What to work on: Beginning with the line containing "ZARA ФУТБОЛКА СО СТИКЕРАМИ, БЕЛЫЙ" and going on through the line containing "In general, the", the lines below are to be returned exactly, pictures excluded and nothing added.

Given records:

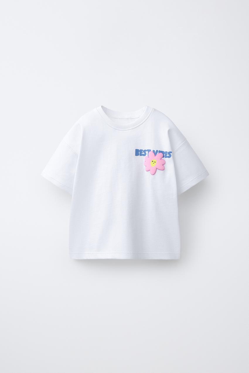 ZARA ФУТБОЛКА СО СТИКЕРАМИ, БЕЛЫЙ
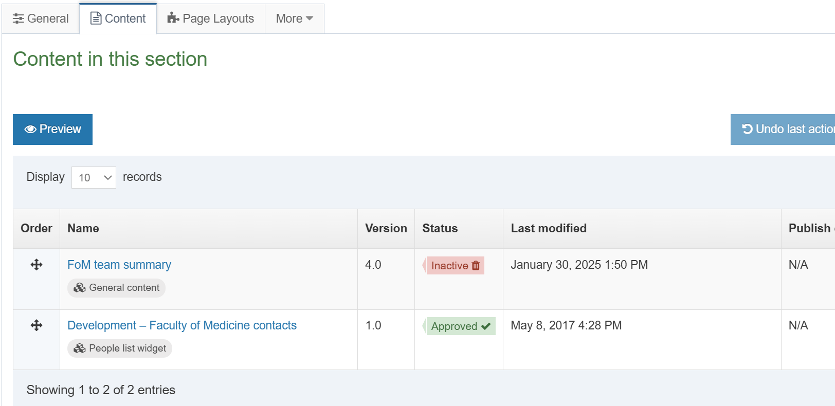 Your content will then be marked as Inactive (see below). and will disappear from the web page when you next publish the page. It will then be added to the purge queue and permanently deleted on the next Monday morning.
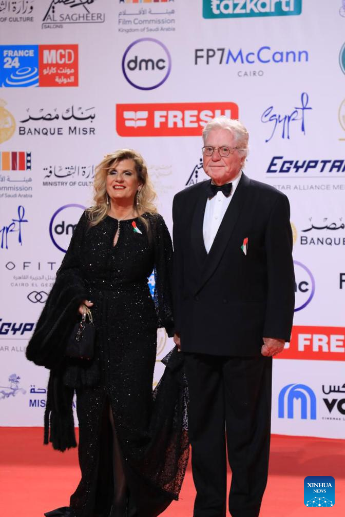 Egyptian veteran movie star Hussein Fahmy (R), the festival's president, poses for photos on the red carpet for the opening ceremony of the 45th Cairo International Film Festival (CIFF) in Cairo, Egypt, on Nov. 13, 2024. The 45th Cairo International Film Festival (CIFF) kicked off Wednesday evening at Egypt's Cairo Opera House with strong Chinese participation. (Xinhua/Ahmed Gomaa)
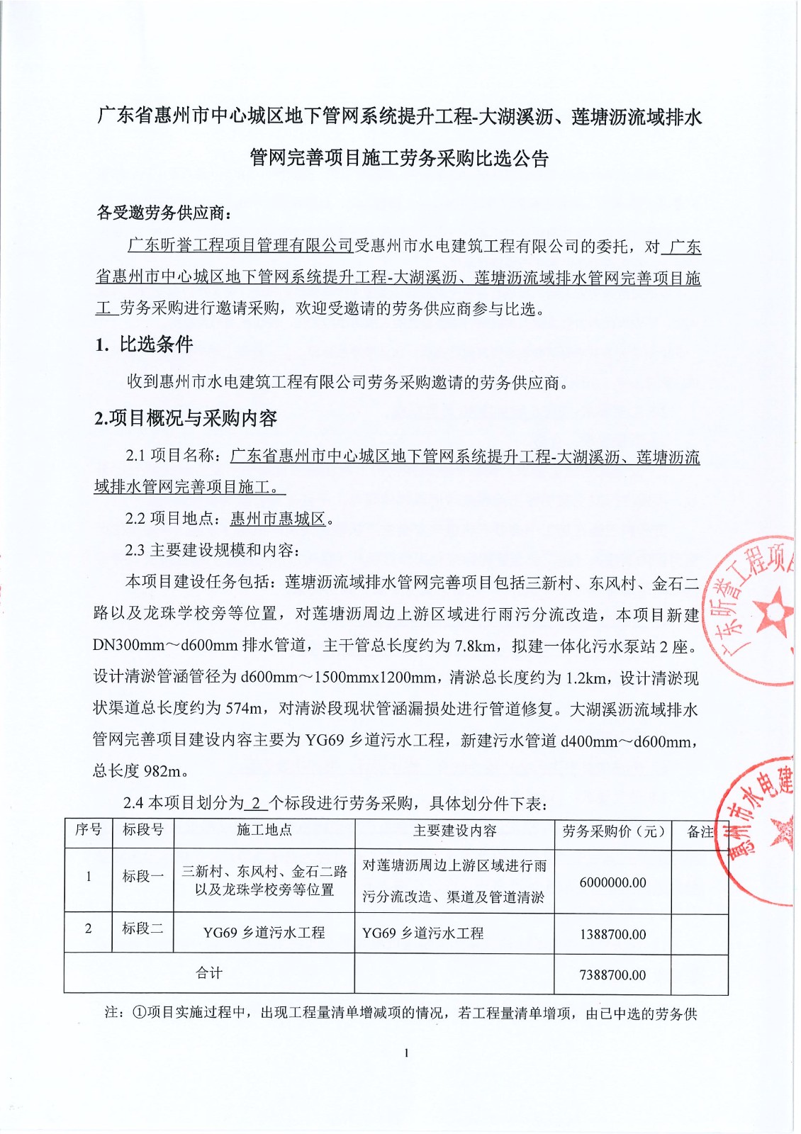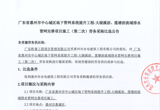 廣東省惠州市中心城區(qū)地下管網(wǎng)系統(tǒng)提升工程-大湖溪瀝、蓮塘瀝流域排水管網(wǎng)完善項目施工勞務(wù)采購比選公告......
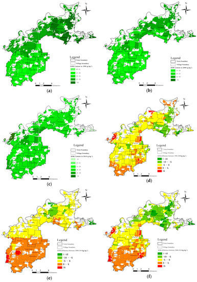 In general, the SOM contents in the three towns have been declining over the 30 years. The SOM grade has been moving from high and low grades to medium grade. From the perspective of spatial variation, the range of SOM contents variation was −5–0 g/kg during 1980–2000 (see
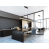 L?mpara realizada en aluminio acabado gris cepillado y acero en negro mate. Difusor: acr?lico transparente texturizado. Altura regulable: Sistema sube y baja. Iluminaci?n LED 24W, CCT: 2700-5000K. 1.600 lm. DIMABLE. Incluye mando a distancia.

--

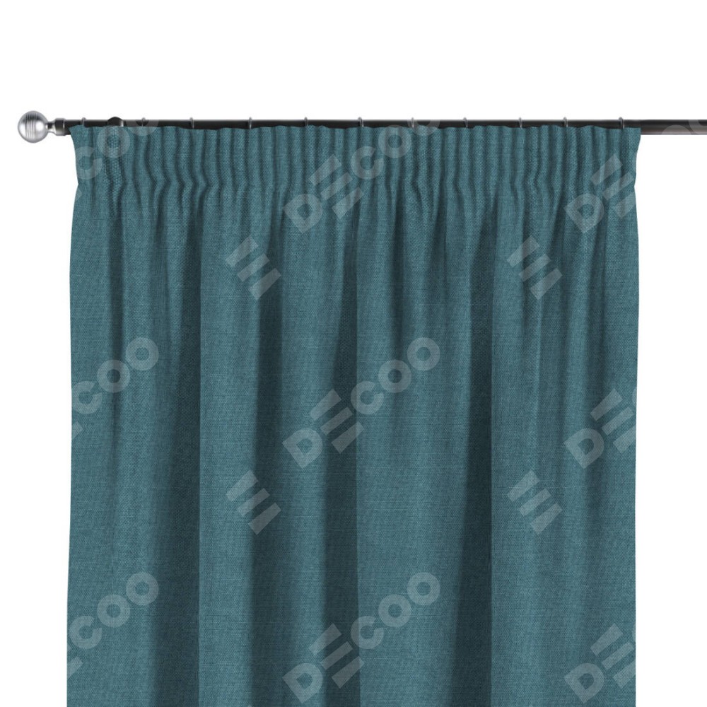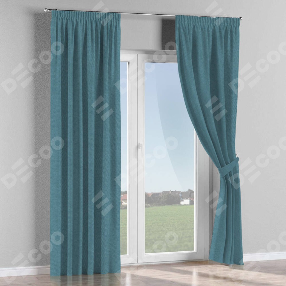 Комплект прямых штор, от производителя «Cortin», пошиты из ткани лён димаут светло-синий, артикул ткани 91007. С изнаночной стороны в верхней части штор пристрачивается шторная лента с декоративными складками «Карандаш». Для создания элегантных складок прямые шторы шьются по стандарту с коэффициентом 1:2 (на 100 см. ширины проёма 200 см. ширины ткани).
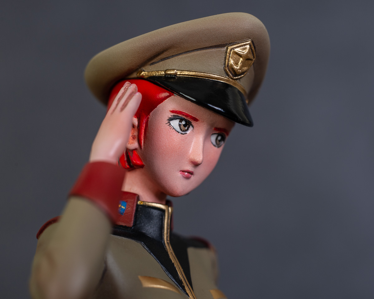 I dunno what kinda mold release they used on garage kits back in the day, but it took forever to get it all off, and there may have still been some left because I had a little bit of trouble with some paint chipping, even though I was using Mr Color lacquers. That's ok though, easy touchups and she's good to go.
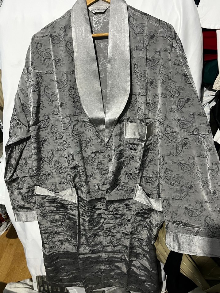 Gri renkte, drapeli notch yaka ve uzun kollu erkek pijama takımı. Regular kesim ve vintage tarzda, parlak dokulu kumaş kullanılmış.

Task output:
 ZARA ФУТБОЛКА СО СТИКЕРАМИ, БЕЛЫЙ
 Your content will then be marked as Inactive (see below). and will disappear from the web page when you next publish the page. It will then be added to the purge queue and permanently deleted on the next Monday morning.
 Egyptian veteran movie star Hussein Fahmy (R), the festival's president, poses for photos on the red carpet for the opening ceremony of the 45th Cairo International Film Festival (CIFF) in Cairo, Egypt, on Nov. 13, 2024. The 45th Cairo International Film Festival (CIFF) kicked off Wednesday evening at Egypt's Cairo Opera House with strong Chinese participation. (Xinhua/Ahmed Gomaa)
 廣東省惠州市中心城區(qū)地下管網(wǎng)系統(tǒng)提升工程-大湖溪瀝、蓮塘瀝流域排水管網(wǎng)完善項目施工勞務(wù)采購比選公告......
 In general, the SOM contents in the three towns have been declining over the 30 years. The SOM grade has been moving from high and low grades to medium grade. From the perspective of spatial variation, the range of SOM contents variation was −5–0 g/kg during 1980–2000 (see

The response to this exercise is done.